* Data block:

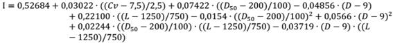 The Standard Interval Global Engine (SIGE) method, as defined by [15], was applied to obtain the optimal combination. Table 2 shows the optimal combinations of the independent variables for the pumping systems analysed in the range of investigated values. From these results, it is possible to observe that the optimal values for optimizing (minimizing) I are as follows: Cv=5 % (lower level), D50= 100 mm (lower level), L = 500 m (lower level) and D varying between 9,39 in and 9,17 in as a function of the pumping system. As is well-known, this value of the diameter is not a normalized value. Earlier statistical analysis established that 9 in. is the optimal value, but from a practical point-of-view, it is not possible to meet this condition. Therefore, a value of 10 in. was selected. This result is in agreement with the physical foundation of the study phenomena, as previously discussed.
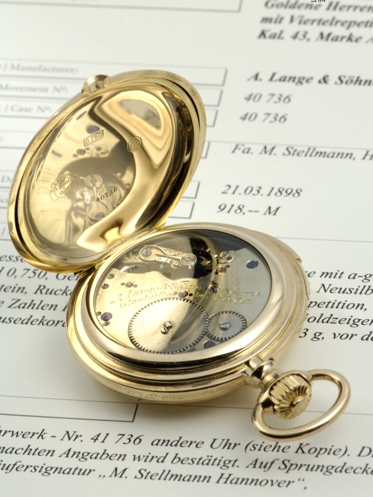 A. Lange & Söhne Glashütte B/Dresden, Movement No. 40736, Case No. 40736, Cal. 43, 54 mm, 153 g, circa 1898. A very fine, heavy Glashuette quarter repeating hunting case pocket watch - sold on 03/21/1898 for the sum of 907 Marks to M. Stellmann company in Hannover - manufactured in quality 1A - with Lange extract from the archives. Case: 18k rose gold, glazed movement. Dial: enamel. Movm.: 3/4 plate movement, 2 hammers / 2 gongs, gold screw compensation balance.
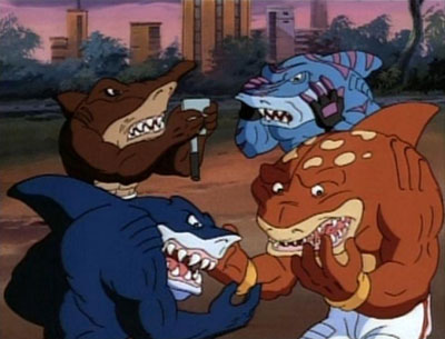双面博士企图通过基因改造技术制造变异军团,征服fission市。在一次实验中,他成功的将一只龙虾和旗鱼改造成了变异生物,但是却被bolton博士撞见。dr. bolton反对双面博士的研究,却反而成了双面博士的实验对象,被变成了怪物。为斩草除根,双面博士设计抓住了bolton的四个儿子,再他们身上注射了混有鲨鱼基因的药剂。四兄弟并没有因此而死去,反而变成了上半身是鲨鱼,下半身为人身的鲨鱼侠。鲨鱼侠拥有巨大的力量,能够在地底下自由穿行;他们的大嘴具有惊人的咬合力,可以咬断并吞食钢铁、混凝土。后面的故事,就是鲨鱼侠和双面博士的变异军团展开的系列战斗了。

* Problem description:
Would you restate all of the data above word for word, omitting the pictures?

* Result of the task:
 The Standard Interval Global Engine (SIGE) method, as defined by [15], was applied to obtain the optimal combination. Table 2 shows the optimal combinations of the independent variables for the pumping systems analysed in the range of investigated values. From these results, it is possible to observe that the optimal values for optimizing (minimizing) I are as follows: Cv=5 % (lower level), D50= 100 mm (lower level), L = 500 m (lower level) and D varying between 9,39 in and 9,17 in as a function of the pumping system. As is well-known, this value of the diameter is not a normalized value. Earlier statistical analysis established that 9 in. is the optimal value, but from a practical point-of-view, it is not possible to meet this condition. Therefore, a value of 10 in. was selected. This result is in agreement with the physical foundation of the study phenomena, as previously discussed.
 A. Lange & Söhne Glashütte B/Dresden, Movement No. 40736, Case No. 40736, Cal. 43, 54 mm, 153 g, circa 1898. A very fine, heavy Glashuette quarter repeating hunting case pocket watch - sold on 03/21/1898 for the sum of 907 Marks to M. Stellmann company in Hannover - manufactured in quality 1A - with Lange extract from the archives. Case: 18k rose gold, glazed movement. Dial: enamel. Movm.: 3/4 plate movement, 2 hammers / 2 gongs, gold screw compensation balance.
双面博士企图通过基因改造技术制造变异军团,征服fission市。在一次实验中,他成功的将一只龙虾和旗鱼改造成了变异生物,但是却被bolton博士撞见。dr. bolton反对双面博士的研究,却反而成了双面博士的实验对象,被变成了怪物。为斩草除根,双面博士设计抓住了bolton的四个儿子,再他们身上注射了混有鲨鱼基因的药剂。四兄弟并没有因此而死去,反而变成了上半身是鲨鱼,下半身为人身的鲨鱼侠。鲨鱼侠拥有巨大的力量,能够在地底下自由穿行;他们的大嘴具有惊人的咬合力,可以咬断并吞食钢铁、混凝土。后面的故事,就是鲨鱼侠和双面博士的变异军团展开的系列战斗了。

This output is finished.